BRIEF:
Nothing after the line with "- Баклажаны с" belongs in the copy; extract the lines below from the top through that line, pictures left out.

Excerpts from a dataset:
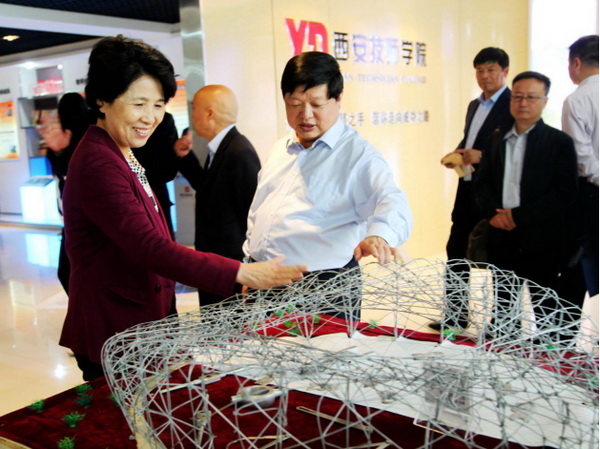 陜西省政協(xié)副主席、陜西省中華職業(yè)教育社主任李冬玉在觀看學(xué)生作品
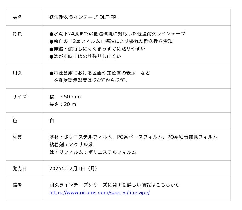 株式会社ニトムズ(本社:東京都品川区、代表取締役社長:右近敦嗣)は、氷点下24度までの低温環境下にも対応できる「低温耐久ラインテープ DLT-FR」を2025年12月1日(月)に発売しました。
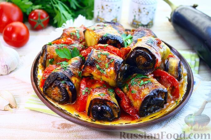 - Баклажаны с фаршем в томатном соусе: Нежные рулетики, фаршированные мясным фаршем, запеченные в насыщенном томатном соусе, станут настоящим угощением для любого стола.
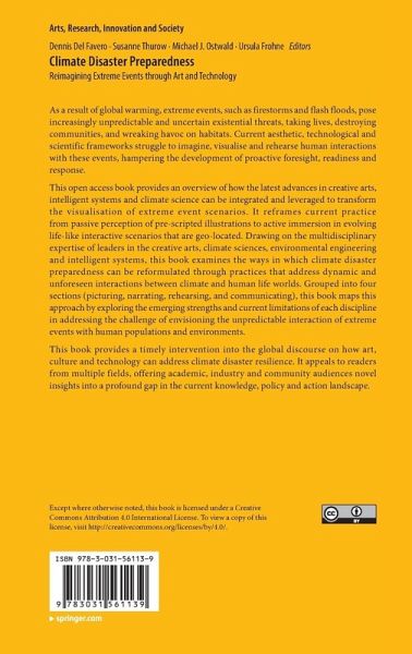 This open access book demonstrates how the latest advances in creative arts, intelligent systems and climate science can be integrated and leveraged to transform the visualisation of extreme event scenarios. It reframes current practice from passive perception of pre-scripted illustrations to active immersion in evolving life-like interactive scenarios that are geo-located. Drawing on the multidisciplinary expertise of leaders in the creative arts, climate sciences, environmental engineering, and intelligent systems, this book examines the waysin which climate disaster preparedness can be reformulated through practices that address dynamic and unforeseen interactions between climate and human life worlds. Grouped into four sections (picturing, narrating, rehearsing, and communicating), this book maps this approach by exploring the emerging strengths and current limitations of each discipline in addressing the challenge of envisioning the unpredictable interaction of extreme events with human populations and environments.
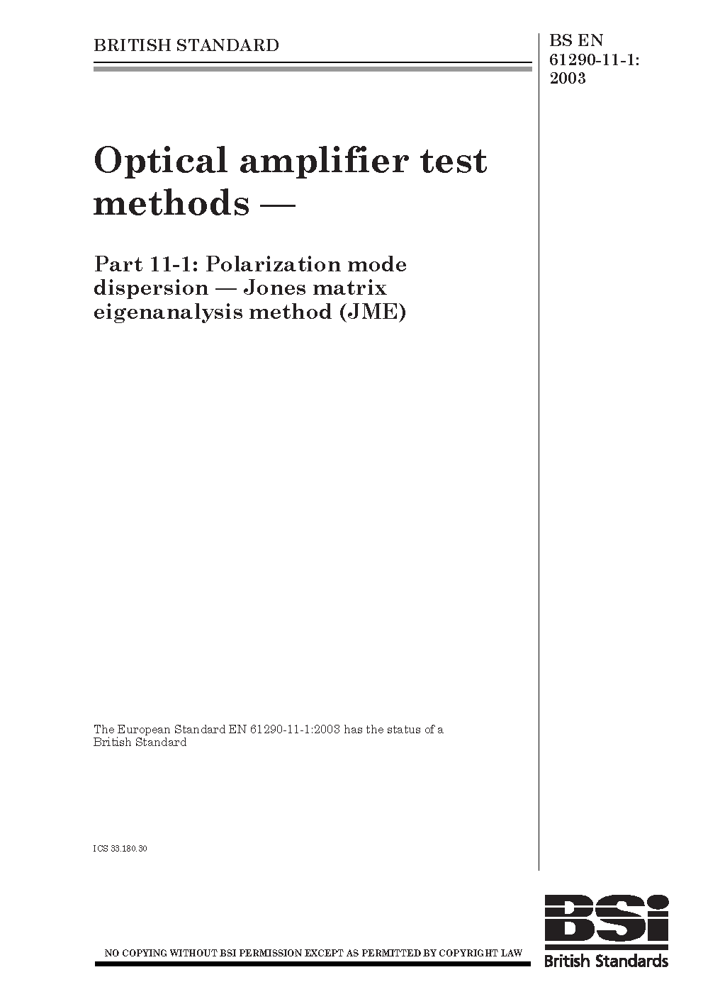 Optical amplifiers. Test methods Polarization mode dispersion parameter. Jones matrix eigenanalysis (JME)
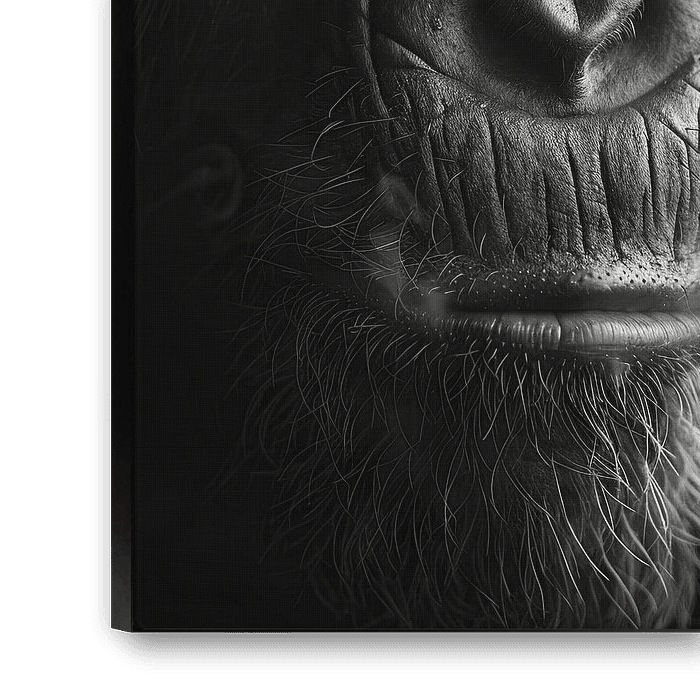 Starkes monochromes Bild eines Affen mit einer Zigarette, der menschliche Züge aufweist.
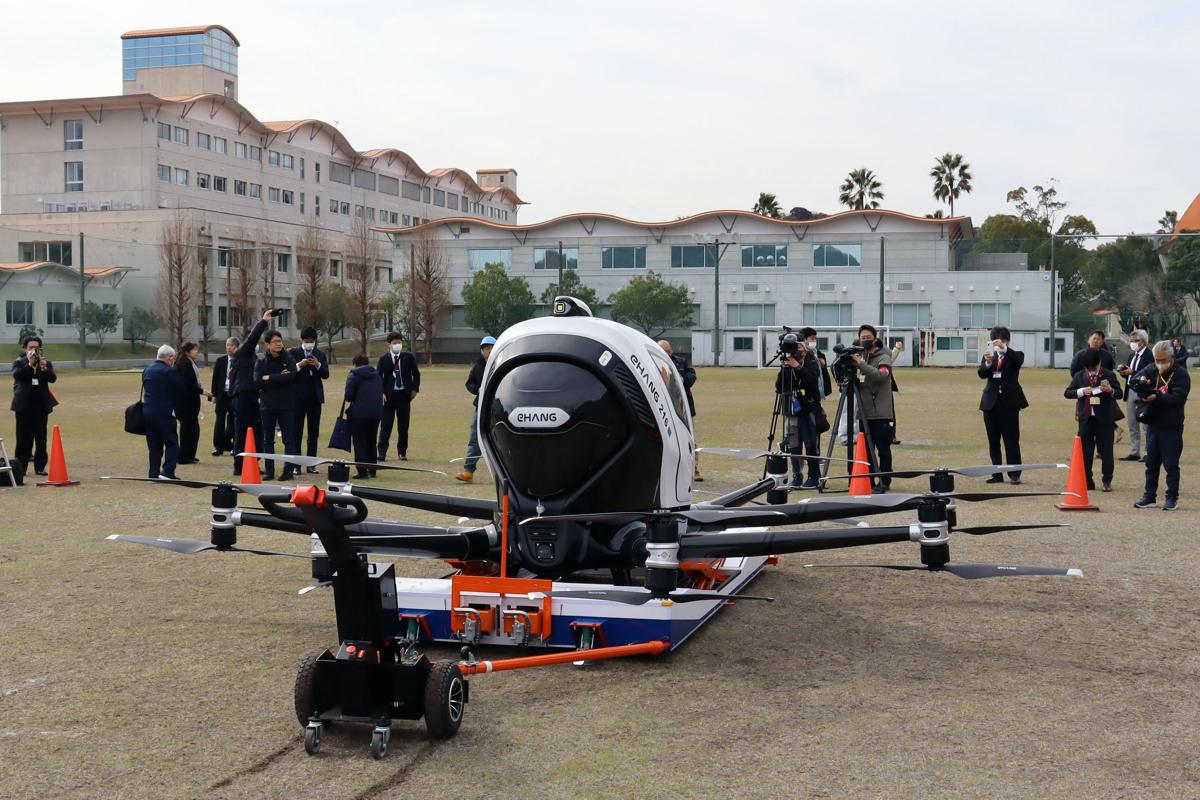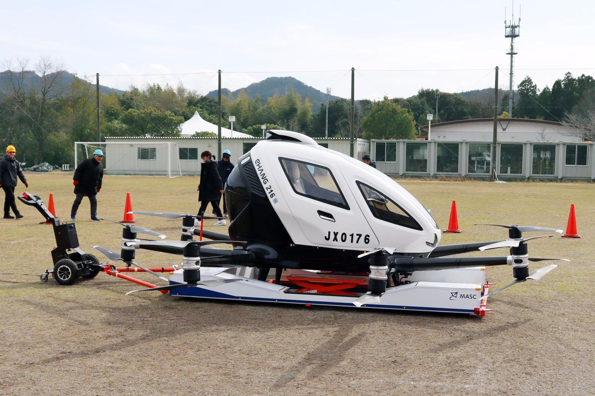 機体は中国製の「EH216」(高さ約1・8メートル、幅約5・6メートル)だ。2人乗りで、垂直に離着陸する。

EXERCISE OUTPUT:
 陜西省政協(xié)副主席、陜西省中華職業(yè)教育社主任李冬玉在觀看學(xué)生作品
 株式会社ニトムズ(本社:東京都品川区、代表取締役社長:右近敦嗣)は、氷点下24度までの低温環境下にも対応できる「低温耐久ラインテープ DLT-FR」を2025年12月1日(月)に発売しました。
 - Баклажаны с фаршем в томатном соусе: Нежные рулетики, фаршированные мясным фаршем, запеченные в насыщенном томатном соусе, станут настоящим угощением для любого стола.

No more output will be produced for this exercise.